--- RAW DATA Enclosed Below ---

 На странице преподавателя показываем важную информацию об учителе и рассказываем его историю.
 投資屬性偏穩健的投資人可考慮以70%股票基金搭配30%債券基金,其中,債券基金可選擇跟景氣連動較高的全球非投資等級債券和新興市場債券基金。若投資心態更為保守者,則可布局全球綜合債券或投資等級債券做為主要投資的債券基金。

--- End of Enclosed RAW DATA ---
--- RAW DATA Enclosed Below ---

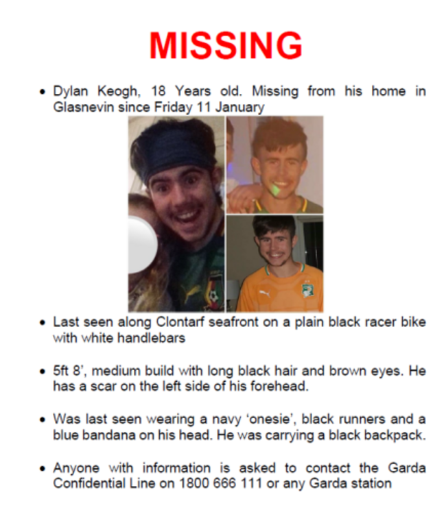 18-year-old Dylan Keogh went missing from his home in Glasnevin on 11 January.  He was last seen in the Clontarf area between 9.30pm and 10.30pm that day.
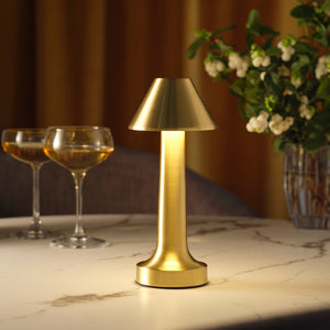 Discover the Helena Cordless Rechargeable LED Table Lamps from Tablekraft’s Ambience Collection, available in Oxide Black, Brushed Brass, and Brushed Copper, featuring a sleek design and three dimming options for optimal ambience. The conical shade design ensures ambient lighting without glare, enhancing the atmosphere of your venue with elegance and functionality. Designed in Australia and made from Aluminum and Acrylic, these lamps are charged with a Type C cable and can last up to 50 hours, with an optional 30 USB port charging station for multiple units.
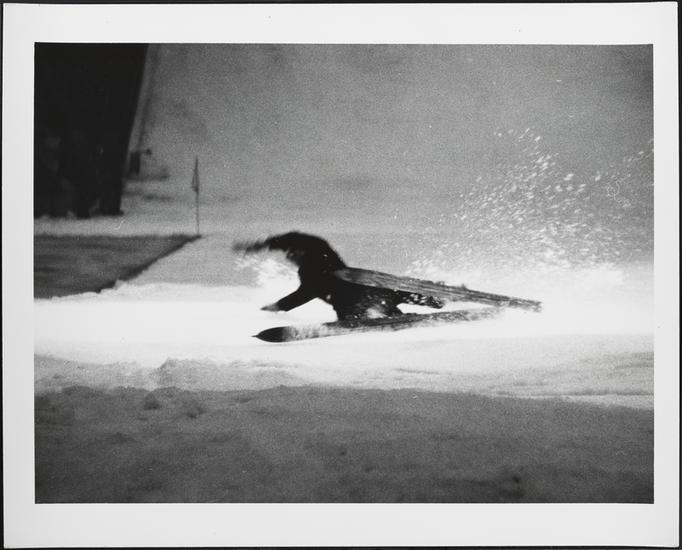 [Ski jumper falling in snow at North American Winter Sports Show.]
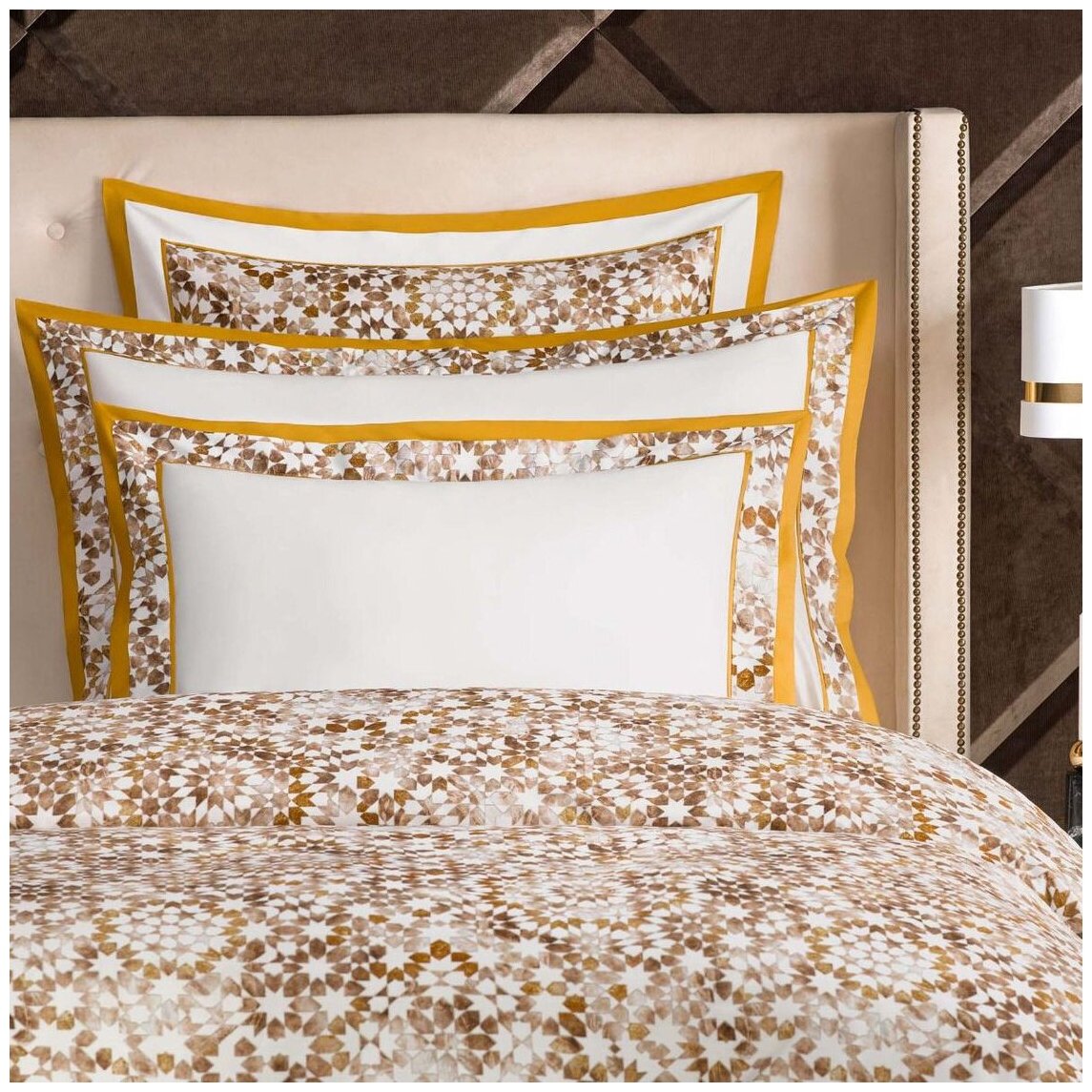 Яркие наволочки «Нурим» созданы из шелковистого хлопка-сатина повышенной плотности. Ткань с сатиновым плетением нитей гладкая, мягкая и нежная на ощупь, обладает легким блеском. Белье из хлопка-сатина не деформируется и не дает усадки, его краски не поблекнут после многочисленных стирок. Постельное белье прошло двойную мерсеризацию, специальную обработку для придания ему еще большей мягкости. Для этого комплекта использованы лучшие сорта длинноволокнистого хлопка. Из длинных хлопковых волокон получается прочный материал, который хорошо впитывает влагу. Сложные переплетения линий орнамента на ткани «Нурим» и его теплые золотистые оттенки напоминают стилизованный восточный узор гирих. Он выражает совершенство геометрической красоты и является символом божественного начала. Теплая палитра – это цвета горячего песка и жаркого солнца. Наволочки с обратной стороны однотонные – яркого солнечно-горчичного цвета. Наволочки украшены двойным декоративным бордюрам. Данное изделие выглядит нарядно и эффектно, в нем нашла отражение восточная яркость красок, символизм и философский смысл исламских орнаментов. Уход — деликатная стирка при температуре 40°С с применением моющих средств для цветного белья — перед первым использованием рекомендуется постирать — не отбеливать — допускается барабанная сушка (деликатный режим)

--- End of Enclosed RAW DATA ---
--- RAW DATA Enclosed Below ---

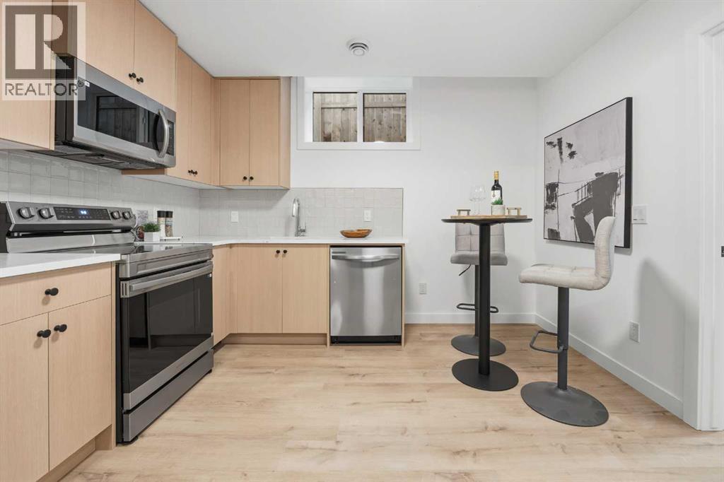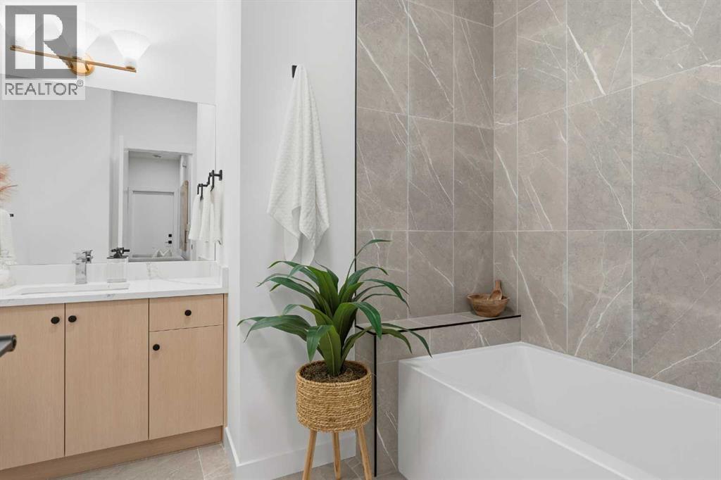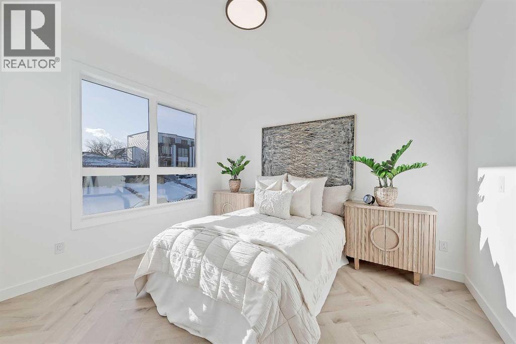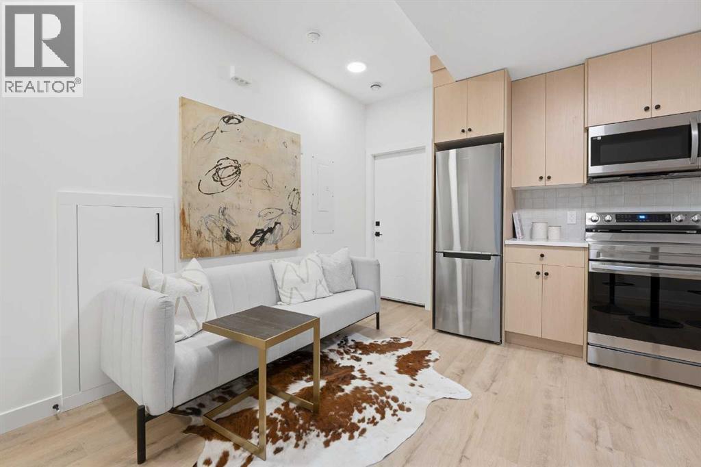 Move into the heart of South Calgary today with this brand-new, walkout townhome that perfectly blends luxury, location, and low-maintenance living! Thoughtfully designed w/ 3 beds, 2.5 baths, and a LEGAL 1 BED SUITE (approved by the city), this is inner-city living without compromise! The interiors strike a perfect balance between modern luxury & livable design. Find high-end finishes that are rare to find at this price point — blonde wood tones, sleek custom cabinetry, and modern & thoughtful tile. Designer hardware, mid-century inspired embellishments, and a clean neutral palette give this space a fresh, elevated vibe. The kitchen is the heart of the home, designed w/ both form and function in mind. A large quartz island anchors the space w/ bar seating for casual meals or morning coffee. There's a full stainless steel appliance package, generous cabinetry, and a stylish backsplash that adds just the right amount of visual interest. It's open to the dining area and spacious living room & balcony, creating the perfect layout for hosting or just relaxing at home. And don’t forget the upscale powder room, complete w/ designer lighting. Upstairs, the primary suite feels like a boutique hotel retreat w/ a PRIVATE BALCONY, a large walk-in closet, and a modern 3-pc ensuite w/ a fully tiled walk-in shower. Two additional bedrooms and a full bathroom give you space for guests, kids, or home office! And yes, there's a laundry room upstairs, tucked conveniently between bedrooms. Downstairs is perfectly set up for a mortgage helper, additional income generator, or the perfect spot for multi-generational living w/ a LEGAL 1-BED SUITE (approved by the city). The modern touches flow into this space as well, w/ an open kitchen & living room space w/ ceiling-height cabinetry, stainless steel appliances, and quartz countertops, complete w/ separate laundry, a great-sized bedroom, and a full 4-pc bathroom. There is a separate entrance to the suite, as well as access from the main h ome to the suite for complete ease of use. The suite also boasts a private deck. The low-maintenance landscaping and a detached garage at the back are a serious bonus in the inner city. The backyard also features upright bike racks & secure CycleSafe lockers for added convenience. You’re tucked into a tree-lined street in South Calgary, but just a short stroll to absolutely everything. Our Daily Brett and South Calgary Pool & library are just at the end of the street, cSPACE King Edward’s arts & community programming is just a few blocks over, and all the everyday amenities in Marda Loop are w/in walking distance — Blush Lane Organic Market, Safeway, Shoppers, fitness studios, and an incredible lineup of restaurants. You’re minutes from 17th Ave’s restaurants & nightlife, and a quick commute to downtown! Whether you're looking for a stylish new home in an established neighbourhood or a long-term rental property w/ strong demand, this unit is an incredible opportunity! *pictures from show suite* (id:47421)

--- End of Enclosed RAW DATA ---

= YOUR ASSIGNMENT =
Repeat the lines above exactly, beginning with the one containing "18-year-old Dylan Keogh" and finishing with the one containing "[Ski jumper falling". No pictures belong in the copy.

= TASK RESPONSE =
 18-year-old Dylan Keogh went missing from his home in Glasnevin on 11 January.  He was last seen in the Clontarf area between 9.30pm and 10.30pm that day.
 Discover the Helena Cordless Rechargeable LED Table Lamps from Tablekraft’s Ambience Collection, available in Oxide Black, Brushed Brass, and Brushed Copper, featuring a sleek design and three dimming options for optimal ambience. The conical shade design ensures ambient lighting without glare, enhancing the atmosphere of your venue with elegance and functionality. Designed in Australia and made from Aluminum and Acrylic, these lamps are charged with a Type C cable and can last up to 50 hours, with an optional 30 USB port charging station for multiple units.
 [Ski jumper falling in snow at North American Winter Sports Show.]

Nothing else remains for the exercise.